(Dataset entries)
======

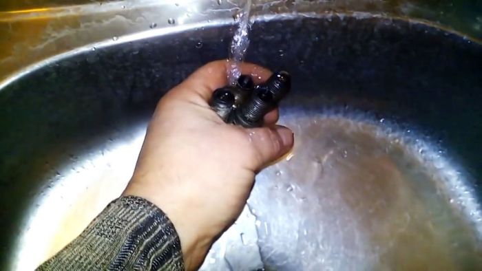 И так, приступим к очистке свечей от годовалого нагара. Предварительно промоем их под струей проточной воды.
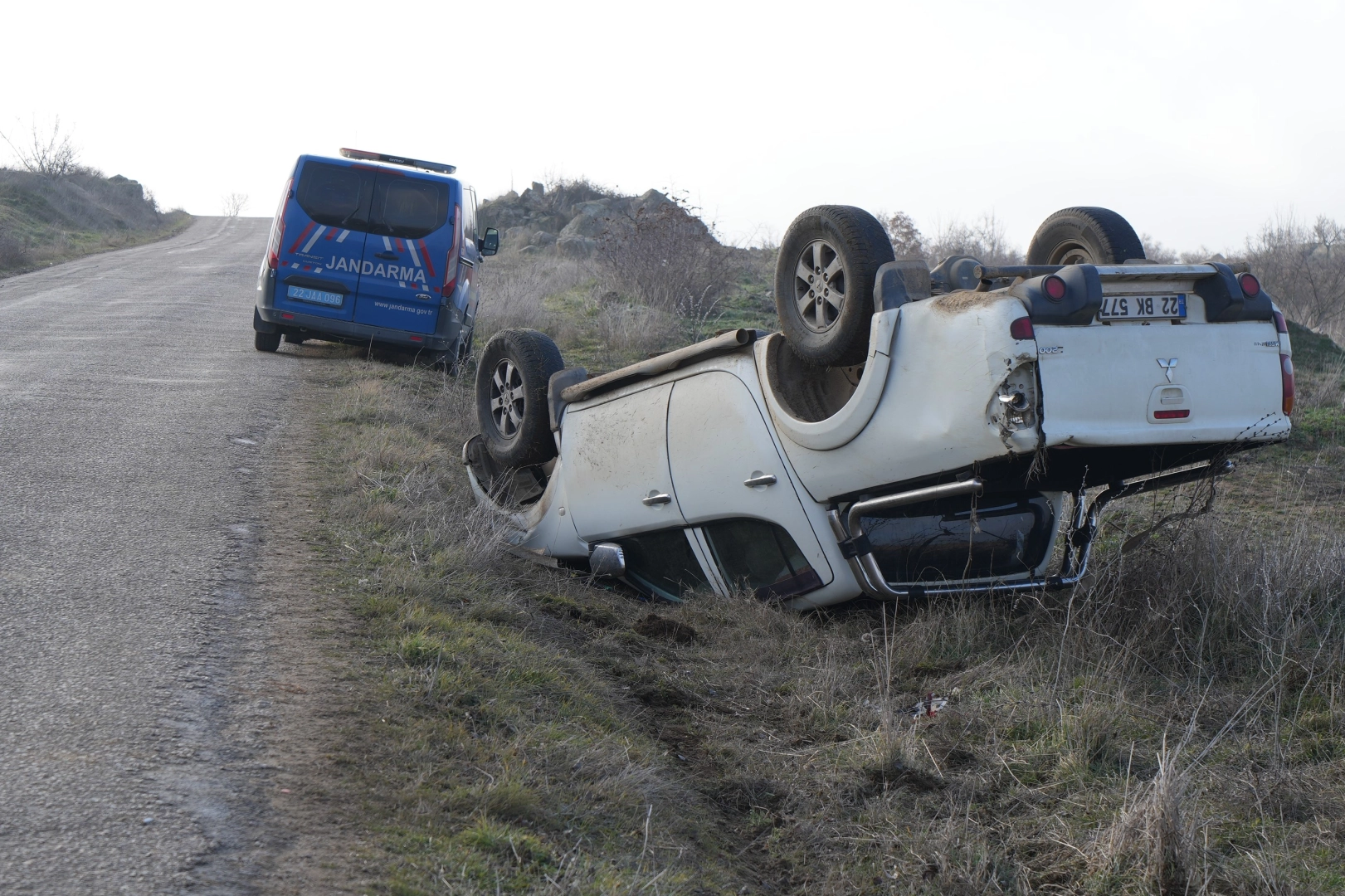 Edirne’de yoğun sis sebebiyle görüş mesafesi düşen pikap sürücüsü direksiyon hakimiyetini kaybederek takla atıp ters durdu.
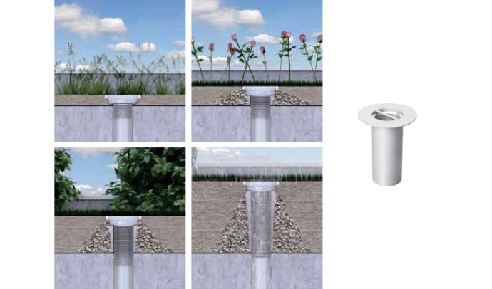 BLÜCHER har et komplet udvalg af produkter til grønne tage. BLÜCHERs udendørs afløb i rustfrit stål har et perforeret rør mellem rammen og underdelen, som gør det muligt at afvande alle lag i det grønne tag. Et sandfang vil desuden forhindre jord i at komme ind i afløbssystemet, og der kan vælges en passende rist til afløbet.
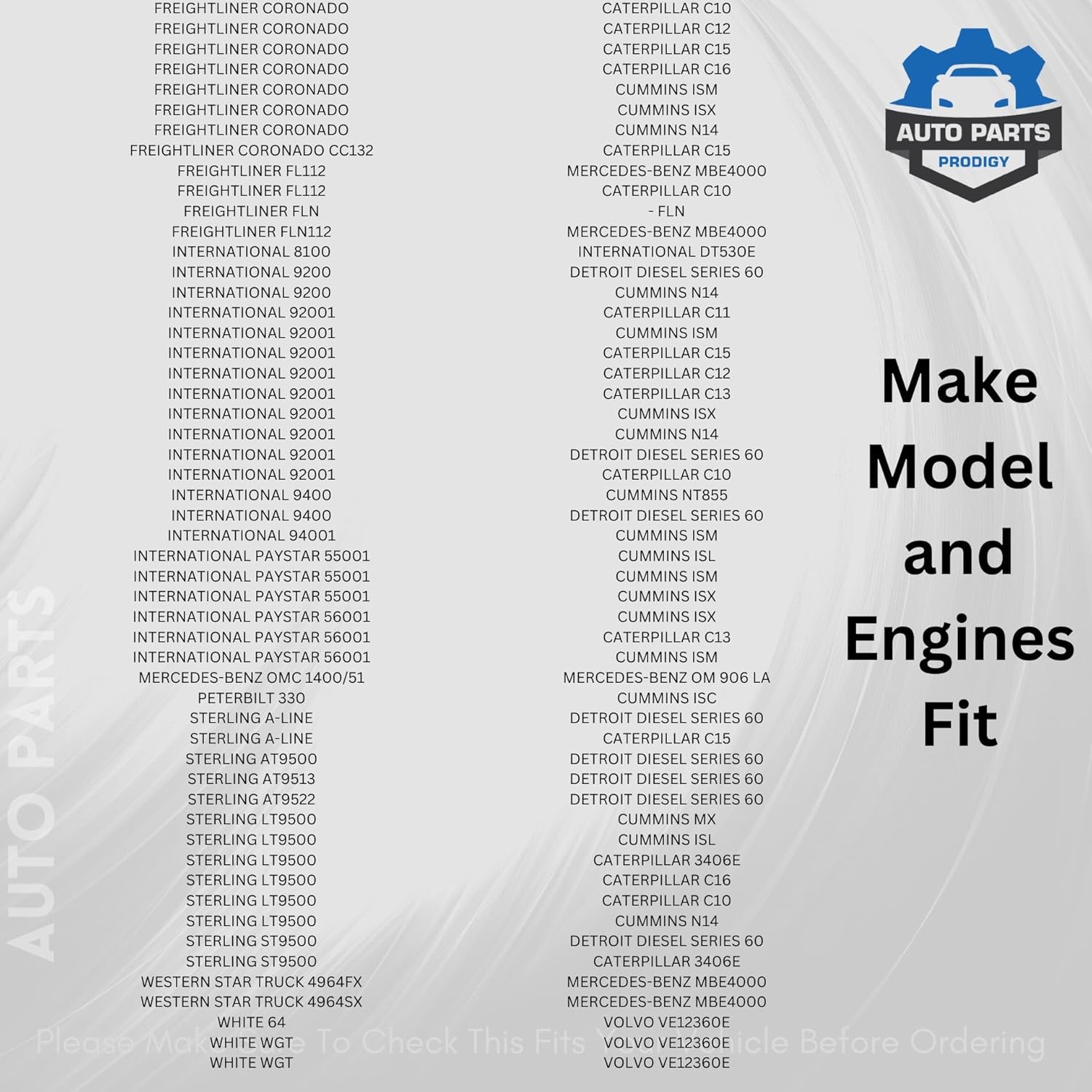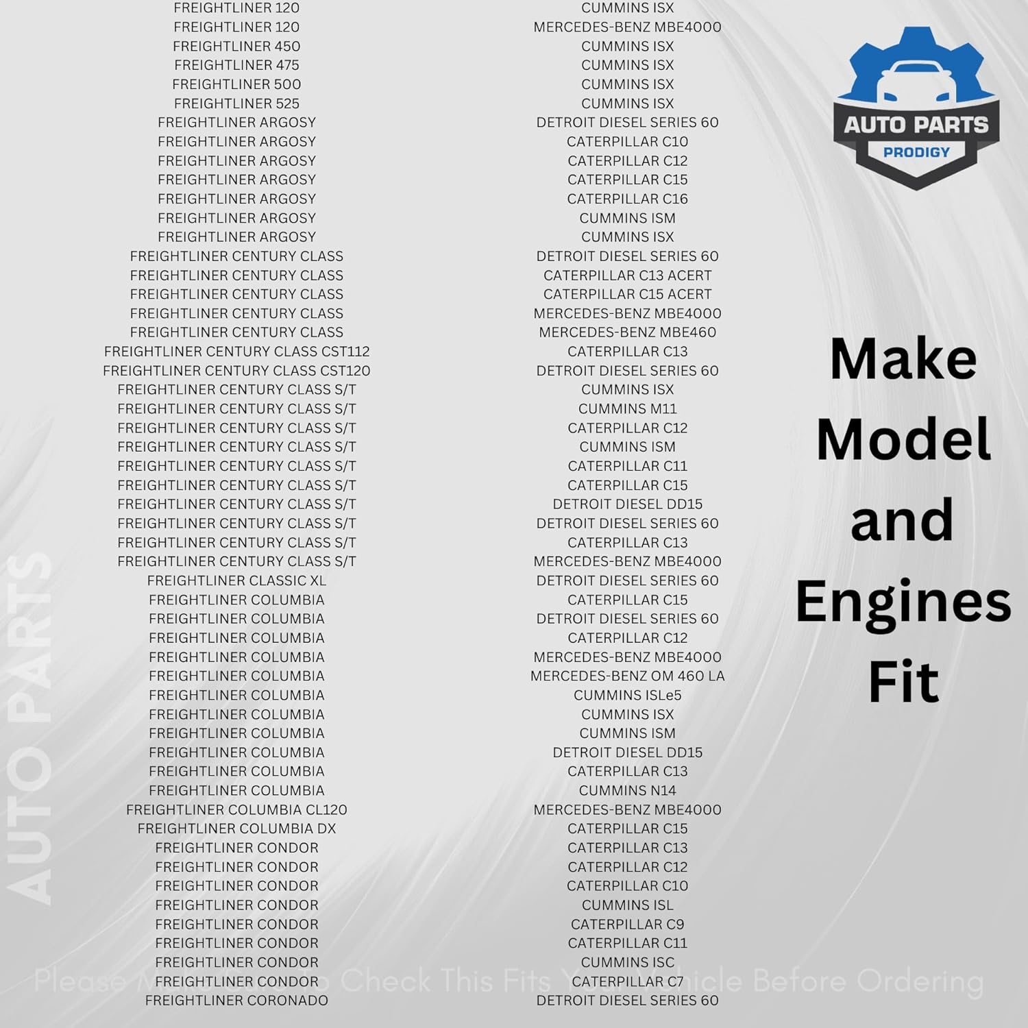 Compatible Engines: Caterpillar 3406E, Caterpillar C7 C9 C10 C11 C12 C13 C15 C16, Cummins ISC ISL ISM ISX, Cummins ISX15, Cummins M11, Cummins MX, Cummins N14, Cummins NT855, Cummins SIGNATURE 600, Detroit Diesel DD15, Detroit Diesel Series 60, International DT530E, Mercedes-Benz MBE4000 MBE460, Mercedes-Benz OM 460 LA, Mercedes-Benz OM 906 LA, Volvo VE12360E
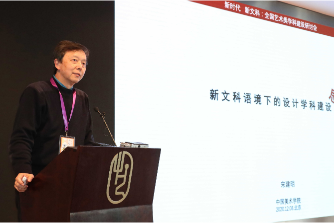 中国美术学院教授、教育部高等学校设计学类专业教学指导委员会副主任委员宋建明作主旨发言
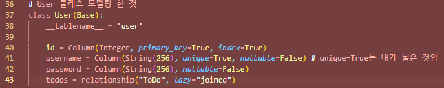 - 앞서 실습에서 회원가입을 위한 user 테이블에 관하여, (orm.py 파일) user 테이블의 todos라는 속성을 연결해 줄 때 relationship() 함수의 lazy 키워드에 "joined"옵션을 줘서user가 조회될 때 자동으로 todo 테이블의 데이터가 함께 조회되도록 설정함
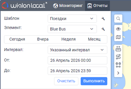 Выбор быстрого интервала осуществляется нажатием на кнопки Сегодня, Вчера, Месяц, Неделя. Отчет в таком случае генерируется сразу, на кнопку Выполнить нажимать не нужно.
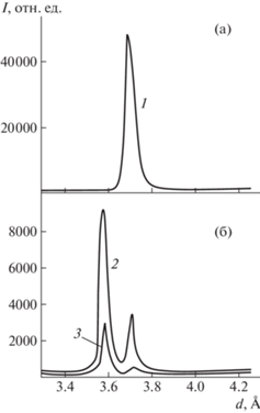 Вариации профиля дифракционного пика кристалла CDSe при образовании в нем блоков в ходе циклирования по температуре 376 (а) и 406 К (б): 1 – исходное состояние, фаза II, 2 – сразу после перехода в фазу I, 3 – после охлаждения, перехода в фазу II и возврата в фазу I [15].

======

What you have to do - Output the records verbatim, every one of them, and keep the pictures out.

Solution below -
 И так, приступим к очистке свечей от годовалого нагара. Предварительно промоем их под струей проточной воды.
 Edirne’de yoğun sis sebebiyle görüş mesafesi düşen pikap sürücüsü direksiyon hakimiyetini kaybederek takla atıp ters durdu.
 BLÜCHER har et komplet udvalg af produkter til grønne tage. BLÜCHERs udendørs afløb i rustfrit stål har et perforeret rør mellem rammen og underdelen, som gør det muligt at afvande alle lag i det grønne tag. Et sandfang vil desuden forhindre jord i at komme ind i afløbssystemet, og der kan vælges en passende rist til afløbet.
 Compatible Engines: Caterpillar 3406E, Caterpillar C7 C9 C10 C11 C12 C13 C15 C16, Cummins ISC ISL ISM ISX, Cummins ISX15, Cummins M11, Cummins MX, Cummins N14, Cummins NT855, Cummins SIGNATURE 600, Detroit Diesel DD15, Detroit Diesel Series 60, International DT530E, Mercedes-Benz MBE4000 MBE460, Mercedes-Benz OM 460 LA, Mercedes-Benz OM 906 LA, Volvo VE12360E
 中国美术学院教授、教育部高等学校设计学类专业教学指导委员会副主任委员宋建明作主旨发言
 - 앞서 실습에서 회원가입을 위한 user 테이블에 관하여, (orm.py 파일) user 테이블의 todos라는 속성을 연결해 줄 때 relationship() 함수의 lazy 키워드에 "joined"옵션을 줘서user가 조회될 때 자동으로 todo 테이블의 데이터가 함께 조회되도록 설정함
 Выбор быстрого интервала осуществляется нажатием на кнопки Сегодня, Вчера, Месяц, Неделя. Отчет в таком случае генерируется сразу, на кнопку Выполнить нажимать не нужно.
 Вариации профиля дифракционного пика кристалла CDSe при образовании в нем блоков в ходе циклирования по температуре 376 (а) и 406 К (б): 1 – исходное состояние, фаза II, 2 – сразу после перехода в фазу I, 3 – после охлаждения, перехода в фазу II и возврата в фазу I [15].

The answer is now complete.